April Fool’s Day: Harmless pranks or harassment in the workplace?

By Alan Price, BrightHR CEO

April Fool’s Day is fast approaching.

But whilst wind-up merchants are meticulously planning their antics and preparing to pull one over on their colleagues, it begs the question: are pranks in the workplace ever OK?

Now contrary to popular belief, your HR department doesn’t want to be a party pooper…

In fact, in many workplaces, some good-natured banter will be appreciated, and could even be seen as an importance aspect of nurturing good workplace relationships.

However, there is always a risk of a joke being misconstrued.

What might appear to be a bit of harmless fun to one person could be incredibly upsetting or humiliating to another.

Fans of The Office will no doubt remember when Jim puts his colleague Dwight’s stapler in Jell-o – and the upset it caused Dwight, much to the amusement of the rest of the team.

However, when someone feels victimised as the recipient of unwanted comments or actions, that could be interpreted as harassment.

And that could be a one-way ticket to an employment tribunal on the grounds of bullying if the bullying behaviour relates to one of the current protected characteristics.

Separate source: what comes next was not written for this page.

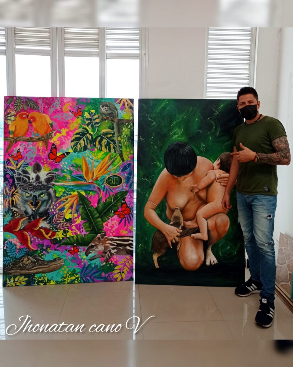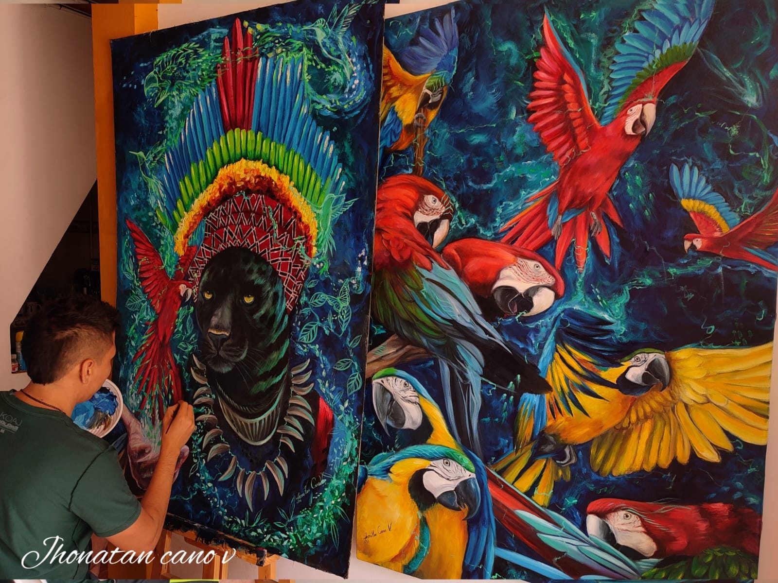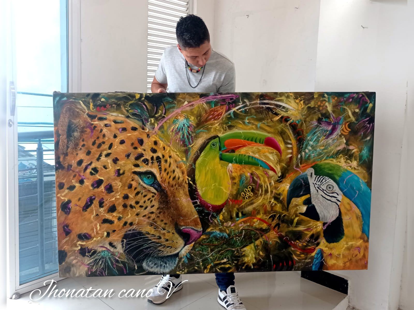 De los cuadros de este artista putumayense parecen brotar las garras del jaguar y las palabras sabias de los taitas que mantienen el equilibrio de la esplendida selva. La obra de Jhonatan Cano Vásquez será expuesta una vez más en Estados Unidos durante el presente año.

Still not convinced that HR doesn’t stand for Humour Removal?

Well, let’s look at some of the common gags that will no doubt be making appearances in offices up and down the country on 1 April – and shine a spotlight on the potential HR issues that they could trigger, as well as the real-life ramifications.

Setting a risqué screensaver on a colleague’s computer
To ensure compliance with GDPR, employees should always keep their computer locked when away from their desk. Whilst a prank like this may seem trivial, if the jokester accidentally obtained access to confidential information or deleted key documents, there could be ramifications for the organisation. All data breaches must be reported by law, and it’s unlikely that bosses will look kindly on fines received as the result of a prank

Plastic wrap on the door
An old favourite, tricksters wrap a door frame in cling film hoping colleagues will bounce straight off the plastic when trying to enter a room.

It’s a tried and tested prank – but it’s not without its health & safety risks. And as we all know, health & safety is no laughing matter.

It should go without saying that anything that could be likely to cause injury should be avoided, otherwise you could find yourself with employees needing to take sick leave, and/or compensation claims. This also applies to the old ‘bucket of water on top of the door’ trick too.

Wrapping up EVERYTHING on your colleague’s desk
Firstly, when did this take place? It’s unlikely that gift wrapping a desk would be included in an employee’s job description, so taking time away from their normal duties to do it could, in some cases, be treated as a conduct issue, especially if the participants missed deadlines or failed to serve customers.

Similarly, the person who must unwrap their equipment may then be put under pressure to complete the work they had planned to do, causing undue stress. So this prank is likely to be a very unwelcome gift….

Baking a questionable cake for your colleagues
Bringing in cake for colleagues is a very sweet thing to do. But if you’re trying to trick your colleagues into taking a slice of what they only think is Victoria sponge or chocolate gateaux, there are potential health & safety concerns and, if someone has food allergies or intolerances, a prank like this could have serious ramifications.

Deliberately misleading a colleague on the ingredients contained within a food item could breach the implied term of trust and confidence and cause a breakdown in employee relations. Also, no employer wants to deal with the aftermath of someone who has eaten something in the workplace that doesn’t quite go down right…

Air horn/whoopee cushion on the office chair
The sound of an airhorn would be enough to cause a fright in an open space, never mind in an enclosed office environment. Employees who are sensitive to noise, or who suffer from conditions such as anxiety, could be upset by this prank.

Whilst a whoopee cushion is certainly not as strident as an air horn, it could still cause embarrassment.

Additionally, if customers or clients are in the workplace or on the phone to a colleague at the time, they could be unimpressed with the level of professionalism of your workplace.

So, what’s the verdict….is April Fool’s Day harmless fun or workplace harassment?

If an employee feels they are always the one being pranked to the delight of others, they could feel that this is bullying. They may raise a grievance or, if the behaviour continues, even feel that they can’t work there anymore. This puts you at risk of a constructive dismissal claim.

In general, when a joke comes at the expense of someone else it’s likely not to be a joke at all.

It’s important for organisations to have a zero-tolerance stance against any form of bullying, harassment, or discrimination in the workplace, and to pro-actively take steps to avoid such behaviours occurring.

It’s probably best to keep April Fool’s shenanigans to a minimum in the workplace to avoid any issues.

If you’re a born jokester and April Fool’s without pranks is like Easter without chocolate, then I would advise enjoying the fun at home with family before coming to work. And remember, any pranks after noon mean the joke is on you.